### Goal of the exercise
The whole listing should come back exactly as written, except for the pictures.

Source data START

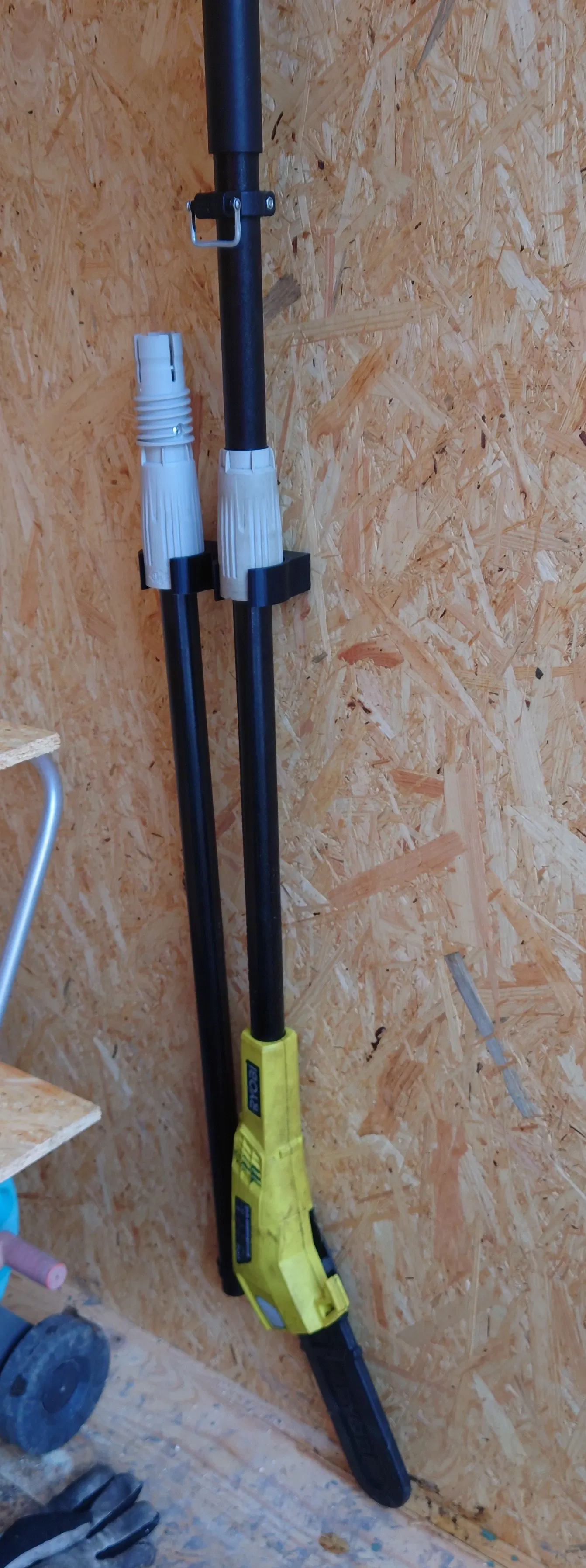 Giá treo tường cho cây tỉa cành Ryobi OPP 1820. Có chỗ cho cả dụng cụ và cây nối dài.
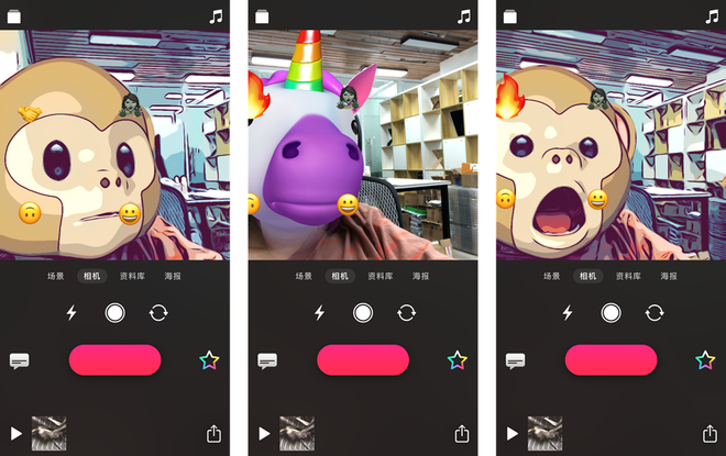 这款应用同样适用于苹果系统,或许许多人不太熟悉,它基本上将短信中的各种贴纸、特效以及大头照等元素集中管理,用户可以拍摄视频并保存到手机相册里。
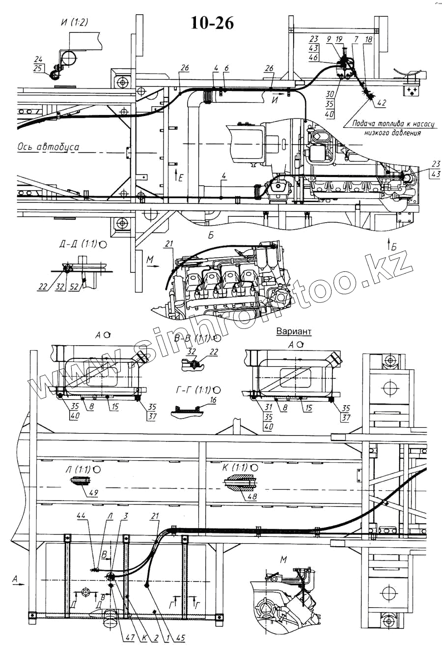 Каталог запасных частей к технике: Камский автозавод 5297. Установка топливного бака, ФГОТ и топливопроводов
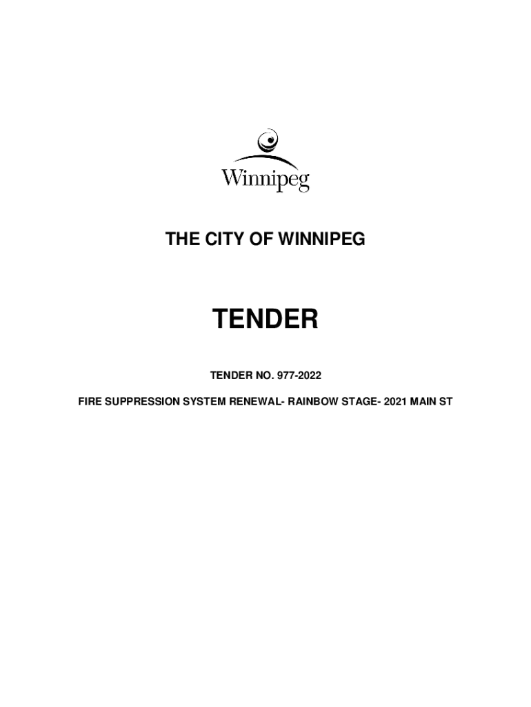 THE CITY OF WINNIPEGTENDER TENDER NO. 9772022 FIRE SUPPRESSION SYSTEM RENEWAL RAINBOW STAGE 2021 MAIN STT he is City of Winnipeg Tender No. 9772022Table of ContentsTemplate Version: 2022 12 31 Coast

Source data END

### Exercise answer
 Giá treo tường cho cây tỉa cành Ryobi OPP 1820. Có chỗ cho cả dụng cụ và cây nối dài.
 这款应用同样适用于苹果系统,或许许多人不太熟悉,它基本上将短信中的各种贴纸、特效以及大头照等元素集中管理,用户可以拍摄视频并保存到手机相册里。
 Каталог запасных частей к технике: Камский автозавод 5297. Установка топливного бака, ФГОТ и топливопроводов
 THE CITY OF WINNIPEGTENDER TENDER NO. 9772022 FIRE SUPPRESSION SYSTEM RENEWAL RAINBOW STAGE 2021 MAIN STT he is City of Winnipeg Tender No. 9772022Table of ContentsTemplate Version: 2022 12 31 Coast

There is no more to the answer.